The 3rd annual Hollywood Fringe Festival is 11 straight days of early morning, mid-day, primetime and late night shows that add up to over 200 productions of theater, music, dance, film, comedy, tragedy and the just plain weird.

Since it’s humanly impossible to see it all, I took a more geographical approach: camping out at one venue a day, and seeing as much as I could before my eyes and head needed to rest.

What’s distinct about Fringe is that it gives creators opportunities to do the unusual. You can present a 20-minute dream sequence, workshop some dance, or remount a full-scale classic like Sam Shepard’s “Fool For Love” or Arthur Miller’s “The Crucible,” or tell a new, bold, un-market-tested story.
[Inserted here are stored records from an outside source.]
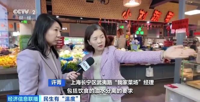 上海長寧區武夷路“我家菜場”經理 許菁:滿足消防噴淋的要求,包括飲食的油水分離要求,我們都是在最小範圍內能夠做到最好的展示。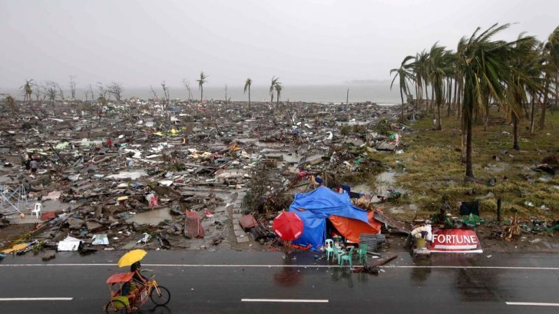 Around 10,000 people are believed dead in the aftermath of the typhoon, which leveled whole towns. [image via Getty]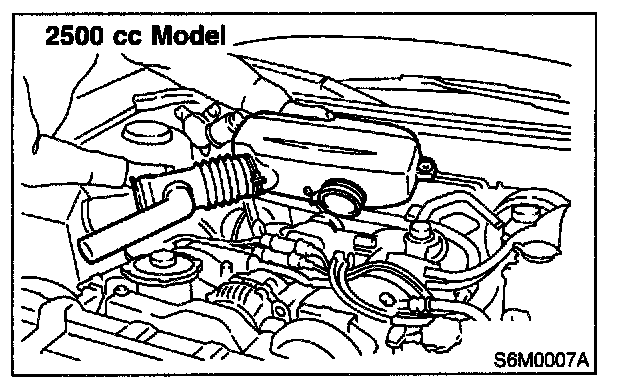 3. Remove air intake chamber and air intake duct as a unit. (Except 2200 cc California spec. vehicles and 2500 cc Model)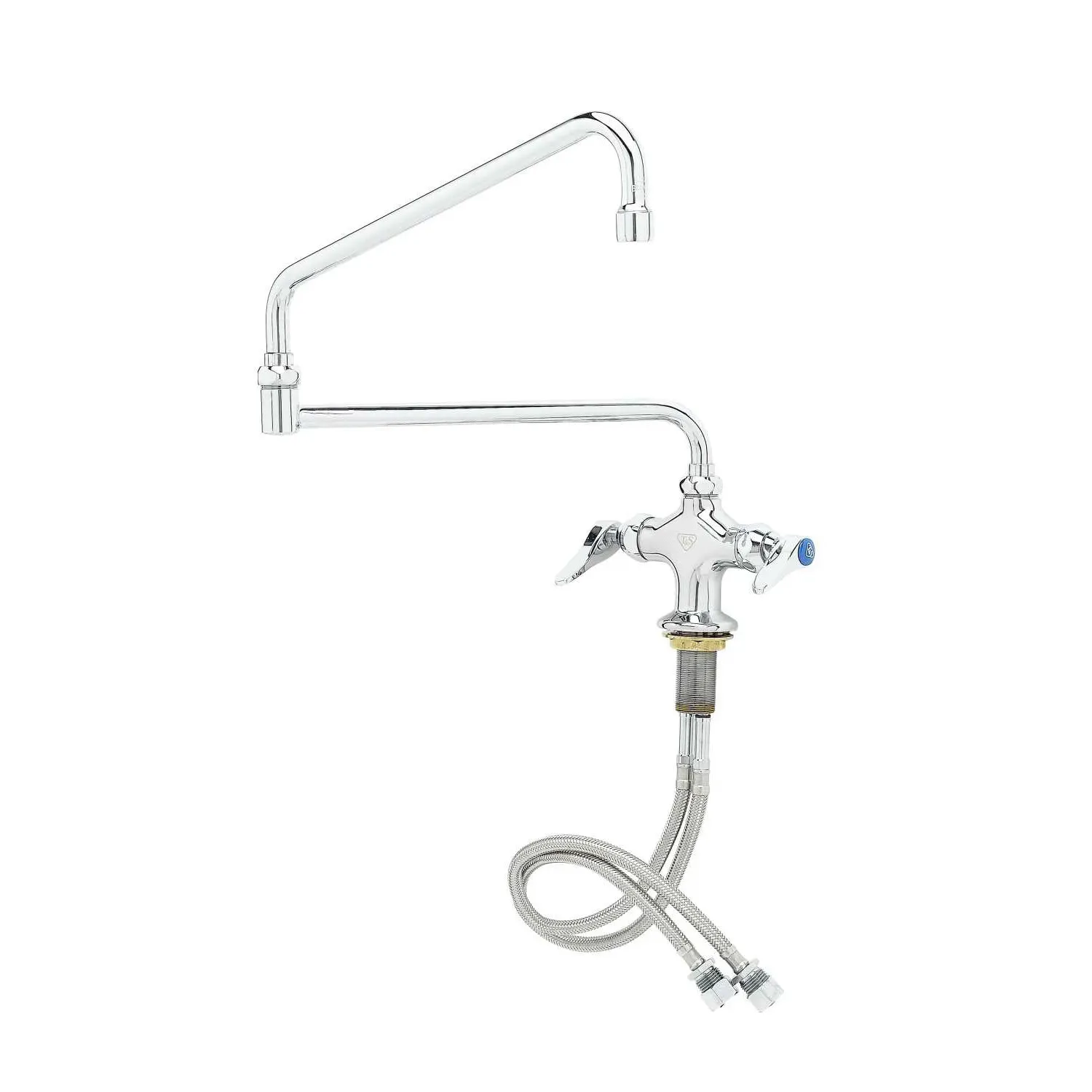 Optimize Operational Functionality with the T&S Brass, B-0268, Faucet, Pantry. This dual pantry faucet is designed to enhance efficiency in commercial restaurant settings. With its single hole base and special 24" double-joint swing nozzle, this faucet offers convenience and versatility. The polished chrome plated brass body ensures durability and a sleek appearance that complements any kitchen decor. The 24" double joint swing nozzle features 12" front and back nozzles, allowing for easy maneuverability and precise water flow control. The lock washer provided ensures a rigid application, minimizing the risk of leaks or malfunctions. Whether you're rinsing dishes, filling pots, or cleaning produce, this faucet is a reliable and efficient choice.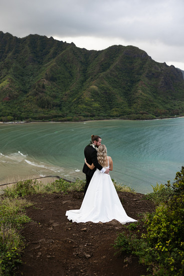 The couple might have set the record for highest number of times changing outfits on a wedding day. After getting dressed at their hotel in the morning, they changed out of their wedding attire to wear hiking clothes, then at the top of the hike they changed back into their wedding attire, only to change OUT of it again after the ceremony for the hike back down! If you thought they were done there-- nope-- they had one more outfit change on the agenda for their time at the beach. Absolute troopers.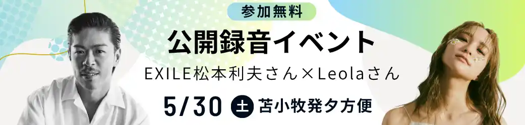 本イベントでは、パーソナリティのEXILE松本利夫さん、ゲストにLDH所属アーティストのLeolaさんをお招きし、公開録音を実施します。また、公開録音では、Leolaさんによるスペシャルミニライブも予定しており、船旅ならではの特別な体験をお楽しみいただけます。 |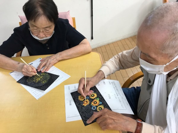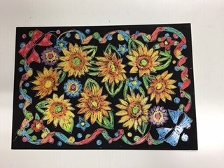 画用紙にクレヨンを何色も重ねて塗りつぶし、

I think the key component of my Fringe experience is the idea of theater being about storytelling — and not the average made-for-primetime stories that make it to TV, film and Broadway — weird stories, personal stories; love and death, but with a tinge of fringe. Here, veterans and newbies take chances on presenting works that are born of a need to tell a tale, and they tell these stories through a variety of methods.

Storytelling methods included very personal spoken monologues, exhibited in “Voices in My Head” by veteran voiceover actor Bill Ratner, which recounts the author’s youthful experiences of loss and growth into one of the country’s most heard voices. Another show utilizing the monologue was the more theatrical presentation of John Sinner’s “If Water Were Present it Would Be Called Drowning,” which recounts a mother and wife’s slow demise into nothingness. Considered one of the best new examples of surrealist theater, the work is essentially a one-woman show performed with an open generosity and bravery by Betsy Moore, who straddles laundry and the kitchen table in a search for satisfaction.

More one-acts bring diabolical tales, as in the drug-tinged, Willy Wonka-ness of “Nostalgium,” where two neighbors make a deathly pact to find happiness, or the sinister evangelicals of Michael Etzrodt’s “John 10:10,” in which the rapid-fire dialogue, dripping in subversive humor, is funnier than one would think could be found in such a tragic and dark tale of swindling.

Religion seems to be the voice in the head of a lot of the writers this year, as is the quest for love lost and found, which is mentioned in about 50 percent of the program synopses.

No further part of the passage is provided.